What the exercise asks ▸ Repeat the listing that follows exactly. Pictures are not part of the copy.

Dataset section ▸
--------------------
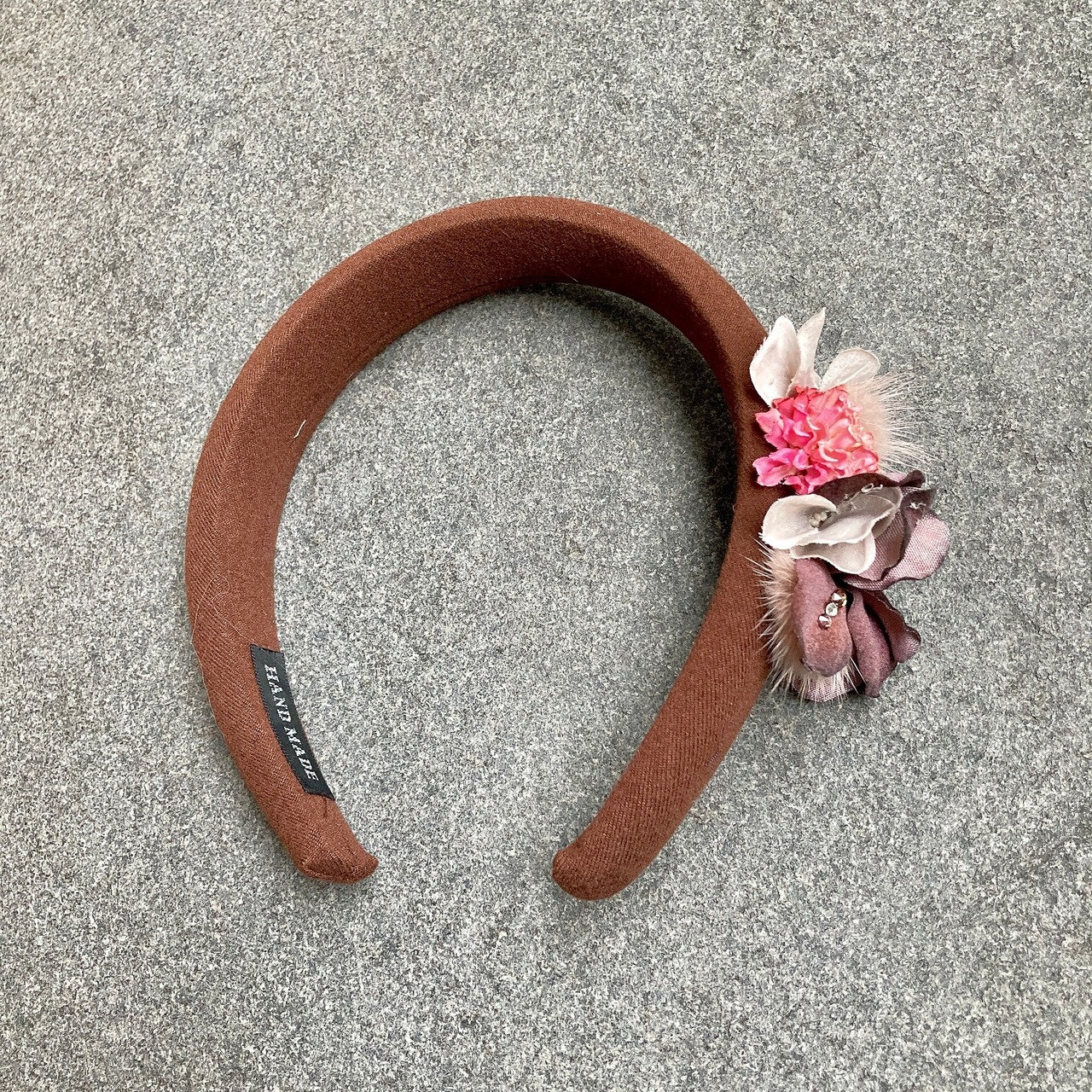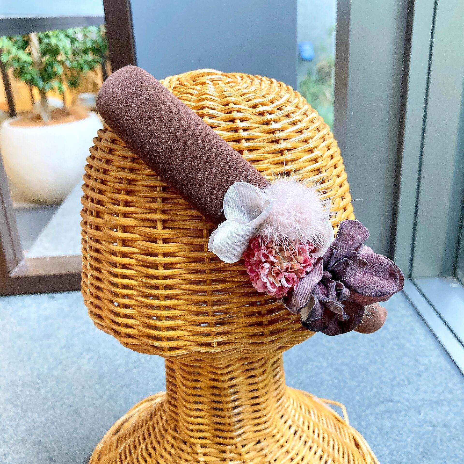 べージュの小さなファーをアクセントにした、これからの季節にぴったりのカチューシャ。
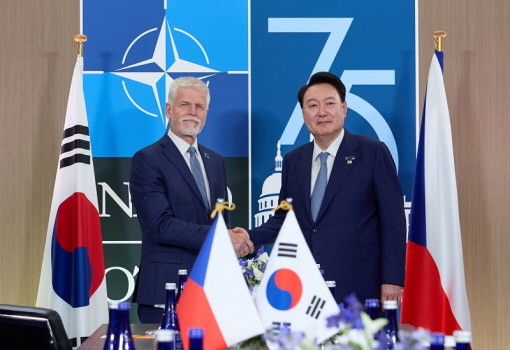 ▲윤 대통령이 지난 7월 미국 워싱턴DC에서 열린 북대서양조약기구(NATO·나토) 회의에서 페트르 파벨(왼쪽) 체코 대통령과 악수하고 있다.(사진=대통령실) |
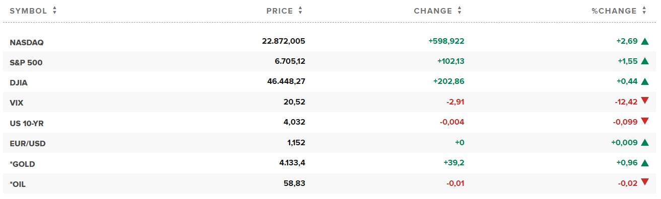 Kết phiên, chỉ số S&P 500 tăng 1,55% lên 6.705,12 điểm. Chỉ số Dow Jones cũng tăng 202,86 điểm, tương đương 0,44%, lên 46.448,27 điểm.
--------------------
Solution below ▸
 べージュの小さなファーをアクセントにした、これからの季節にぴったりのカチューシャ。
 ▲윤 대통령이 지난 7월 미국 워싱턴DC에서 열린 북대서양조약기구(NATO·나토) 회의에서 페트르 파벨(왼쪽) 체코 대통령과 악수하고 있다.(사진=대통령실) |
 Kết phiên, chỉ số S&P 500 tăng 1,55% lên 6.705,12 điểm. Chỉ số Dow Jones cũng tăng 202,86 điểm, tương đương 0,44%, lên 46.448,27 điểm.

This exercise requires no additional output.